### Work request
Return each line in the records below that includes "sunlight".
#### Provided records ####
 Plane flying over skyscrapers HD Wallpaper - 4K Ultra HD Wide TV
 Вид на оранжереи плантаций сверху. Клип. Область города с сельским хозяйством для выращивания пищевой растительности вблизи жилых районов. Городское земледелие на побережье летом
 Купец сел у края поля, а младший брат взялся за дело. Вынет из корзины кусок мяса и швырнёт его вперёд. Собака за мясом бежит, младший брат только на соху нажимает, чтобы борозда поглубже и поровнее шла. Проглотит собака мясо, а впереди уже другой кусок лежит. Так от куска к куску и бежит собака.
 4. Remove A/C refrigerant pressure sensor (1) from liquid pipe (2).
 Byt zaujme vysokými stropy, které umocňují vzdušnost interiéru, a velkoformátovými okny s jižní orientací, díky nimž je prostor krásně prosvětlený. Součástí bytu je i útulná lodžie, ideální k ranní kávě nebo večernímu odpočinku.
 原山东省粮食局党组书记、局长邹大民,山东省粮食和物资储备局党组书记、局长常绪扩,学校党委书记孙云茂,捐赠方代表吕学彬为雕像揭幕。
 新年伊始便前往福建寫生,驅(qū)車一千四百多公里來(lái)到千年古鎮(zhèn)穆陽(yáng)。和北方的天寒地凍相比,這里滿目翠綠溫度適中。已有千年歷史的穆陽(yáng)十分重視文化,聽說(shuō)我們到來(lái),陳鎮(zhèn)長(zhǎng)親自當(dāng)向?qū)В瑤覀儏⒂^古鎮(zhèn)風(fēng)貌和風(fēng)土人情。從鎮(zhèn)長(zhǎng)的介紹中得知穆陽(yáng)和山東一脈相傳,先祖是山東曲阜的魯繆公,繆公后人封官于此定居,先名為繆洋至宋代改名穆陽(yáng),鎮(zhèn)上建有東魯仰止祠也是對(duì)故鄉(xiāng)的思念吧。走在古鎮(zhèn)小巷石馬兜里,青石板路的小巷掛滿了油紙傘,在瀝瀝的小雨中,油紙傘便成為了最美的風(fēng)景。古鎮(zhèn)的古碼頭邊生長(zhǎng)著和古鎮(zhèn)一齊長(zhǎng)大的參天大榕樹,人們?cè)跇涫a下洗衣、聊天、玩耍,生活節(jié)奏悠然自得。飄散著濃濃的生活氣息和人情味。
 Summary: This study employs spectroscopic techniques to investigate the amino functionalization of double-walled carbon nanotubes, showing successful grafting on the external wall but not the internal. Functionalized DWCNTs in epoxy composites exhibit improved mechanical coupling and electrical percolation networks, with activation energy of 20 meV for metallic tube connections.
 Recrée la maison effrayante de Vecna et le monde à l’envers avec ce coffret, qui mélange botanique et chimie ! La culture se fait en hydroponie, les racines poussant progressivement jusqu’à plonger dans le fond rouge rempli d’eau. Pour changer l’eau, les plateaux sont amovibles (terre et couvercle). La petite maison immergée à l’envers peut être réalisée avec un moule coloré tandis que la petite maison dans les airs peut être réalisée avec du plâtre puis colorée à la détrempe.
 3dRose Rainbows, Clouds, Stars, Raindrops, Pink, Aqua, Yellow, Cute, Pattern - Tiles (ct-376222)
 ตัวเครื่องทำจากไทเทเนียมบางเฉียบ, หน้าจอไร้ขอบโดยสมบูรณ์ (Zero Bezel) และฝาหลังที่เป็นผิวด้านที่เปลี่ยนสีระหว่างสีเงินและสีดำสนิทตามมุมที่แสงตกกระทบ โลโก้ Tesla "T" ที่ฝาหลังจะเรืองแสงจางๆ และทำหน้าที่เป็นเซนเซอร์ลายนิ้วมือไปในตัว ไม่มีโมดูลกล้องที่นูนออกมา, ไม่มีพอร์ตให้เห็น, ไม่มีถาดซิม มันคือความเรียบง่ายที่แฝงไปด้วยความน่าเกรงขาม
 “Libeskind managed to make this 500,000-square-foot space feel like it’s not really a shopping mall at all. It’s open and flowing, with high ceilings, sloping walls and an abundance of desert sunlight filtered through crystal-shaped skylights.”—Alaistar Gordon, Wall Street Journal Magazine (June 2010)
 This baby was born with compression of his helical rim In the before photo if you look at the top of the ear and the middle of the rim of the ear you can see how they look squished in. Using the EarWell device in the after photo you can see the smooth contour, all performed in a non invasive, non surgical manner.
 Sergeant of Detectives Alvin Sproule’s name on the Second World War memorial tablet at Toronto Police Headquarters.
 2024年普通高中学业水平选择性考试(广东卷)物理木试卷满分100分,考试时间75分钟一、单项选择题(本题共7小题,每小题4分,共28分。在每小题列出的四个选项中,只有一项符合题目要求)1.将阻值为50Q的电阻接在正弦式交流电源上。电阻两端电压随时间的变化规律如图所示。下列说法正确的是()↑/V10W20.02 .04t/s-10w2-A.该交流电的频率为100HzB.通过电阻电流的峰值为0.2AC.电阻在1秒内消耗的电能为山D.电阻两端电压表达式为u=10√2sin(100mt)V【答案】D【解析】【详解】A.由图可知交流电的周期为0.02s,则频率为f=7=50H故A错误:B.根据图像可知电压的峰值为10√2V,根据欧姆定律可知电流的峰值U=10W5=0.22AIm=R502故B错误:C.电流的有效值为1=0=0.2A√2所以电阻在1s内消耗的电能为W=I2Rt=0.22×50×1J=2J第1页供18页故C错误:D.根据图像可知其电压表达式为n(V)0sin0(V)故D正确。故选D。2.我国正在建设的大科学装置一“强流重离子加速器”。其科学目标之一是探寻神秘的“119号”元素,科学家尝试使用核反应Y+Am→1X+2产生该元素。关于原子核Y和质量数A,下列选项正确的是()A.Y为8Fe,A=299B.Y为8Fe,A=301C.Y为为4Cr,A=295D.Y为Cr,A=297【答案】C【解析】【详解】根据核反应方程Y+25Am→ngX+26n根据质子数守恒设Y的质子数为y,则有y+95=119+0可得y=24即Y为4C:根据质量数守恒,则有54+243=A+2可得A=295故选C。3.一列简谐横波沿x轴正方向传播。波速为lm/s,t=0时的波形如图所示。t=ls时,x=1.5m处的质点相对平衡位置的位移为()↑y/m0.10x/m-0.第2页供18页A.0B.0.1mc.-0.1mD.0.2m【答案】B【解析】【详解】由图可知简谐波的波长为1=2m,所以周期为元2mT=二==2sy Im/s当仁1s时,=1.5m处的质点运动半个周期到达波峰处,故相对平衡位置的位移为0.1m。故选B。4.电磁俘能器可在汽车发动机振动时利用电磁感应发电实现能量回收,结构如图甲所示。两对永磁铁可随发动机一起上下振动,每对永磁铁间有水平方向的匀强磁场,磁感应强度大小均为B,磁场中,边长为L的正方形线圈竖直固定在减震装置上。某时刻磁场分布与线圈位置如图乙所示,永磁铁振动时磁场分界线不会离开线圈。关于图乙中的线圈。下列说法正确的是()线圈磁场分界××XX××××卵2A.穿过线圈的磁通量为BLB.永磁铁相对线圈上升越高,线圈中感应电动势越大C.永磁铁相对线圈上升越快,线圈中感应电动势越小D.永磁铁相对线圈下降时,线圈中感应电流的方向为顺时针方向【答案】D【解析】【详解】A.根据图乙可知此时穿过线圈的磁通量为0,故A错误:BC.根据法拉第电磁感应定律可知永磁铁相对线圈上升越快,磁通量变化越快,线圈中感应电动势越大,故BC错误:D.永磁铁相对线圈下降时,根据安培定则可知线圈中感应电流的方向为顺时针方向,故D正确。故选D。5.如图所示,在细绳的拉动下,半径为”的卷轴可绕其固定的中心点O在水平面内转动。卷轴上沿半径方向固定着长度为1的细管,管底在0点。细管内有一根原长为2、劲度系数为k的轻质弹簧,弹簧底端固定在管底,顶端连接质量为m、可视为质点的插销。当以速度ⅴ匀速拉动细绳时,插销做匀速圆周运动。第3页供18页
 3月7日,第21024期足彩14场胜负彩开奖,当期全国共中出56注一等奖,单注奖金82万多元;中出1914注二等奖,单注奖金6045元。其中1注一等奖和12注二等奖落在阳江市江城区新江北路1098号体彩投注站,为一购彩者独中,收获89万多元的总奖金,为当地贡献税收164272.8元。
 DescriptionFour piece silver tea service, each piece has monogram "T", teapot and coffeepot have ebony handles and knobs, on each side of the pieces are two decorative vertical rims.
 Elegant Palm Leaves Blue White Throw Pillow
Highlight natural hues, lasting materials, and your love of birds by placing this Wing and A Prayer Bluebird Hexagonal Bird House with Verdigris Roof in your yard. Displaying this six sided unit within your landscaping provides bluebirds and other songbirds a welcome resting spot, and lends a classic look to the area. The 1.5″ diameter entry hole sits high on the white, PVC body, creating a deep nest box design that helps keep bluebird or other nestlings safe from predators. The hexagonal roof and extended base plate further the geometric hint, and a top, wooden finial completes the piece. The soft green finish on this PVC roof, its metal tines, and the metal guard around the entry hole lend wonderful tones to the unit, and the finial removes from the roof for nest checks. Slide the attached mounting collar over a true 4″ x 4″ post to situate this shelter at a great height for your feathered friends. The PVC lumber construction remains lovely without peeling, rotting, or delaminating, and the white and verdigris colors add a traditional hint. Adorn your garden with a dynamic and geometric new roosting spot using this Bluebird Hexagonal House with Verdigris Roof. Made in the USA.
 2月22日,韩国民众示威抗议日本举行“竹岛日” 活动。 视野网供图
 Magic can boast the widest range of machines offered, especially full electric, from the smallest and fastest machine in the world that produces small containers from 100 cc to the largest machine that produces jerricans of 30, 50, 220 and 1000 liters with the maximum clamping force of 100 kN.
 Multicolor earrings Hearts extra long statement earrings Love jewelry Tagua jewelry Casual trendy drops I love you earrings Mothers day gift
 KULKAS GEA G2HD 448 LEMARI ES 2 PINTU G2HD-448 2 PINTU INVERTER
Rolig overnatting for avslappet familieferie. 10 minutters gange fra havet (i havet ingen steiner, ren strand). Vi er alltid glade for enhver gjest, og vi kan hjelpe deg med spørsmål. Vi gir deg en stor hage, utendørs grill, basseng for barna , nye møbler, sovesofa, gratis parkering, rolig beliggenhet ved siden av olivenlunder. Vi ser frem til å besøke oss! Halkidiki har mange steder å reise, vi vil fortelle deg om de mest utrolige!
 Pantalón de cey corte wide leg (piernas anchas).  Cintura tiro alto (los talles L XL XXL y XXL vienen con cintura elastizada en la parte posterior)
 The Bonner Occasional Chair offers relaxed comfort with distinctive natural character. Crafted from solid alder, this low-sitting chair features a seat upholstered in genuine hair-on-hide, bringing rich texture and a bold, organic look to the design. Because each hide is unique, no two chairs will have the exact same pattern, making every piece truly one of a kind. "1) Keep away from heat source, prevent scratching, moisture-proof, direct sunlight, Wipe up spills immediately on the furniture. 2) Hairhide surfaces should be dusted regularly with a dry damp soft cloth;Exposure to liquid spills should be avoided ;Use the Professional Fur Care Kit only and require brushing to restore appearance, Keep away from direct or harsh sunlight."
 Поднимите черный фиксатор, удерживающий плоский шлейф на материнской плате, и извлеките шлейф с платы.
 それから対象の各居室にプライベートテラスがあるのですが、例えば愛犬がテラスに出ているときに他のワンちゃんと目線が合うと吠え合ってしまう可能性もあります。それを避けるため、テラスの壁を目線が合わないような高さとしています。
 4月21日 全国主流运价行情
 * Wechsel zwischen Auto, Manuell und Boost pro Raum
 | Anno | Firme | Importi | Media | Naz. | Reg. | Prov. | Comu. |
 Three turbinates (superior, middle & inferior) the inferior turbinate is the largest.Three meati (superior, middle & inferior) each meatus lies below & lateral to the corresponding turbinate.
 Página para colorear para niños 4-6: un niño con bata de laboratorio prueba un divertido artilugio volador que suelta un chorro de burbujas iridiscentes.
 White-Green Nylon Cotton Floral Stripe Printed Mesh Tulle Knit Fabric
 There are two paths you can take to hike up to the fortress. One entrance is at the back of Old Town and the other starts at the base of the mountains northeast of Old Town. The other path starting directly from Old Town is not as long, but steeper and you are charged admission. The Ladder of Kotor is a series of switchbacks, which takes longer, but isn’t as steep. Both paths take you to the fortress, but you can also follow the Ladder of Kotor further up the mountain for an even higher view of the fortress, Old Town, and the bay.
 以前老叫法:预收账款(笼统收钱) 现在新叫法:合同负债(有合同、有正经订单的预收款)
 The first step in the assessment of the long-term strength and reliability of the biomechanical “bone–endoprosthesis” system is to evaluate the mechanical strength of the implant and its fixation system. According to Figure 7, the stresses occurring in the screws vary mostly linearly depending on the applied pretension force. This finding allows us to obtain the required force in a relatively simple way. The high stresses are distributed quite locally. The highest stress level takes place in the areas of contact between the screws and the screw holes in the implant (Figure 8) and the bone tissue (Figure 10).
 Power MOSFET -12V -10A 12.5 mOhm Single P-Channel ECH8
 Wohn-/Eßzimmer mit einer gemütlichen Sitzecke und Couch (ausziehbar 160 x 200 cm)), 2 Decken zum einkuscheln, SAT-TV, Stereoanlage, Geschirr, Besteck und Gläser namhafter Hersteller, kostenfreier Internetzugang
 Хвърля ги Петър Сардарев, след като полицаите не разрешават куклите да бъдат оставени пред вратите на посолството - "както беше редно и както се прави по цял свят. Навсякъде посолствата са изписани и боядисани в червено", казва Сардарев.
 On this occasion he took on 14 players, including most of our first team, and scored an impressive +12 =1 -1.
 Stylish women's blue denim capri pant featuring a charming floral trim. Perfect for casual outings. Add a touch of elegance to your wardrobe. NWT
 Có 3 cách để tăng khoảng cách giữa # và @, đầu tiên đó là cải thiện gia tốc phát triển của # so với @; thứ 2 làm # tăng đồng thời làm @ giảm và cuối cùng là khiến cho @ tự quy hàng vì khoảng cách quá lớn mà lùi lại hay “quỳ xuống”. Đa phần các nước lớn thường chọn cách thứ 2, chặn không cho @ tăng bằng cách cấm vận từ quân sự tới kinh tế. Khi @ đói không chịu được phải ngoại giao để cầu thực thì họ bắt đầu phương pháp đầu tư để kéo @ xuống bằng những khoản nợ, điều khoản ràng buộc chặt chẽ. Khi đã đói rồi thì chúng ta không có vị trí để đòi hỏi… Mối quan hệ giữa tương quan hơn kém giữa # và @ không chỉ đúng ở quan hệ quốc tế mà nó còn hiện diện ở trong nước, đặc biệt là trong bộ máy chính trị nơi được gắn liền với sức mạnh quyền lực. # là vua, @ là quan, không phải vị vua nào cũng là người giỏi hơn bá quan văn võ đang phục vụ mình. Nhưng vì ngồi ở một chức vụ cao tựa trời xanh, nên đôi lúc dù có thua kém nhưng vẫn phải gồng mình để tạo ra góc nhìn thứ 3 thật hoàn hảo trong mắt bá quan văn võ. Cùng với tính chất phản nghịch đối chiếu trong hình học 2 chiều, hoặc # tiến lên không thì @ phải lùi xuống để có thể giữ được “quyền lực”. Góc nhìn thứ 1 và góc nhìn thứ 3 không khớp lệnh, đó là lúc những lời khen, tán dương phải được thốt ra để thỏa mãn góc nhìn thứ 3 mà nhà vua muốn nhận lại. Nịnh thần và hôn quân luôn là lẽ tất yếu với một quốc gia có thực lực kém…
####
### Worked solution
 “Libeskind managed to make this 500,000-square-foot space feel like it’s not really a shopping mall at all. It’s open and flowing, with high ceilings, sloping walls and an abundance of desert sunlight filtered through crystal-shaped skylights.”—Alaistar Gordon, Wall Street Journal Magazine (June 2010)
 The Bonner Occasional Chair offers relaxed comfort with distinctive natural character. Crafted from solid alder, this low-sitting chair features a seat upholstered in genuine hair-on-hide, bringing rich texture and a bold, organic look to the design. Because each hide is unique, no two chairs will have the exact same pattern, making every piece truly one of a kind. "1) Keep away from heat source, prevent scratching, moisture-proof, direct sunlight, Wipe up spills immediately on the furniture. 2) Hairhide surfaces should be dusted regularly with a dry damp soft cloth;Exposure to liquid spills should be avoided ;Use the Professional Fur Care Kit only and require brushing to restore appearance, Keep away from direct or harsh sunlight."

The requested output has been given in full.